Yes, there were always strong personalities who escaped, 'los cimarrones'. They were a proud sub-culture; even in a small island like Puerto Rico there suppodedly were communities not that far from San Juan that the Spanish never could/bothered to sugjugate.


----------



## Chaska Ñawi

Back to the main topic, please, folks.


----------



## Lombard Beige

As a further contribution, the following are two lists used in a EUROPEAN market research study on the USA:

Regions

New England
Middle Atlantic
East North Central
West North Central
South Atlantic
East South Central
West South Central
Mountain
Pacific

Racial and ethnic self-identification  

White (non Hispanic)
White (Hispanic)
Black or African American
Asian
American Indian and Alaska native
Others
Mixed origins

regards


----------



## mplsray

xarruc said:


> I was watching a film set at the beginning of the American civil war and was struck by how much allegiance the characters in the film had for their state, over their country.
> 
> Although this was fiction I assume that that was an acurate portrayl of how it was then.
> 
> How much allegiance do Americans today feel towards their state with respect to that which they feel for their country? How proud of their state are Americans? Is there a lot of interstate rivalry, jealousy or biterness as is seen between many European countries and provinces?
> 
> Could sedition secession from the Union occur legally? And if the US was to face some crisis or conflict that led to its break up, would it split down historic borders?


 
It's my impression that Southerners had much more a sense of duty to their own state than did Northerners during the Civil War. The Confederacy had a considerably weaker central government than did the Union, and Northerners considered Southerners who fought against the Union to be traitors.

Some Americans today are prouder of their state than are others. I'd count Minnesotans among those having a great deal of pride in our state (I'm not from around here originally, but I share the feeling). I think the states are in economic competition, but that's about it: There's no bitterness between citizens of one state and those of another (in the same way that there still is some bitterness between the rural areas of some states and their urban areas), and, in general, Americans feel pride in their country. I think the last time that there was any great resentment in the US by citizens of a state against the federal government was during the Civil Rights era, when the federal government ended Jim Crow laws in the South, which were defended by racists (and even some non-racists) as a matter of states' rights.
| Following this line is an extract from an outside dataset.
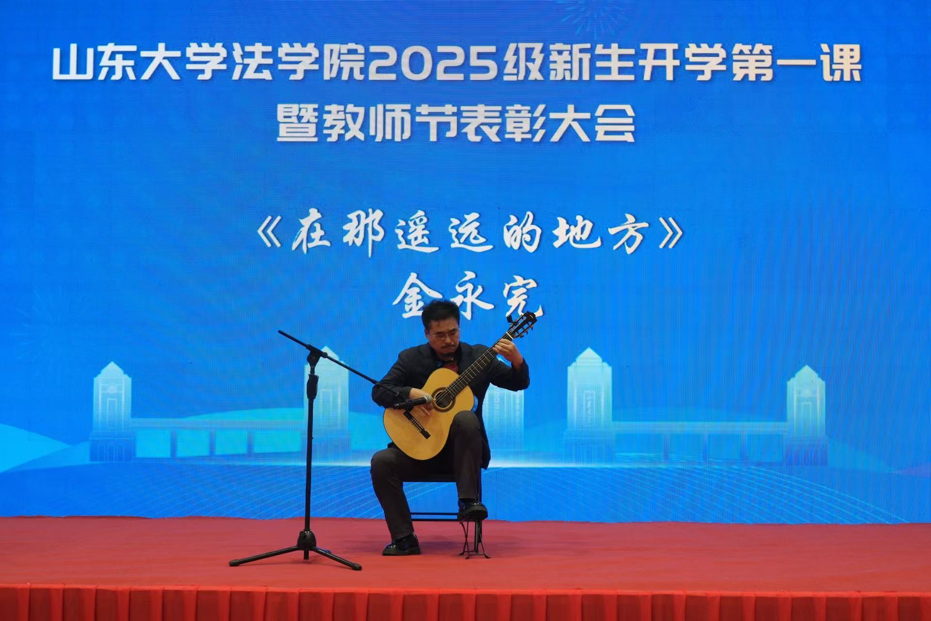 大会播放了《你好,新法律人》迎新纪录短片,红足—世足球网官方网站教师代表金永完教授现场演奏古典吉他乐曲,展现学院教师风采,为新生们带来独特的美育教育第一课。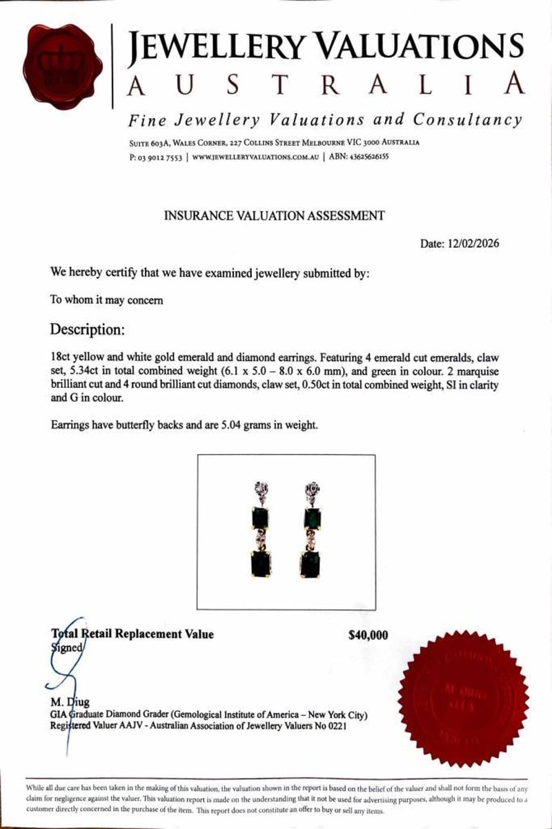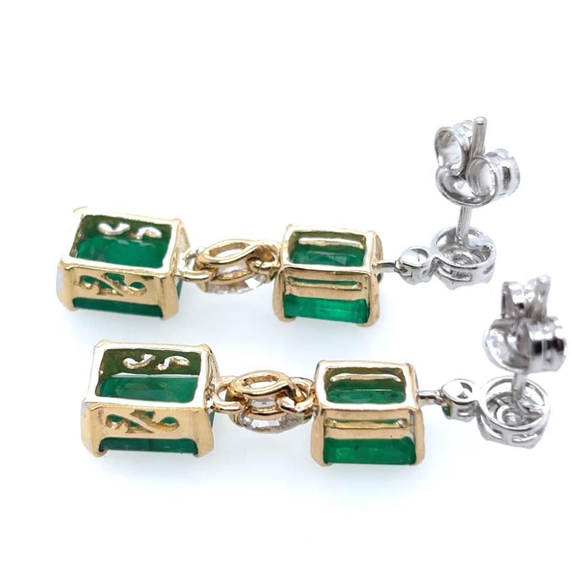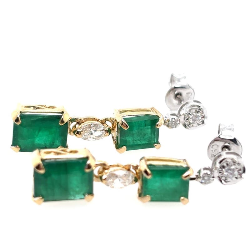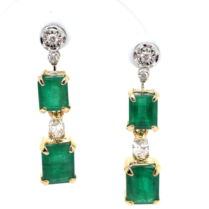 18CT YELLOW AND WHITE GOLD EMERALD AND DIAMOND EARRINGS

The following is not much more than opinion: I don't believe any state can legally secede from the Union, and I would expect that it would take an amendment to the Constitution to do so. The only basis I have for this idea is that a war was fought against those who seceded and the Supreme Court did not rule against that war (and may never have even been called upon to do so).

I have no opinion on your last question.


----------



## Lombard Beige

mplsray said:


> ... the federal government ended Jim Crow laws in the South, which were defended by racists (and even some non-racists) as a matter of states' rights. ...



As an admirer of the Swiss system, I too would be for more state's rights, but not with precedence over civil rights, which pertain to the individual citizen. So in this respect, I can't understand those particular "non-racists".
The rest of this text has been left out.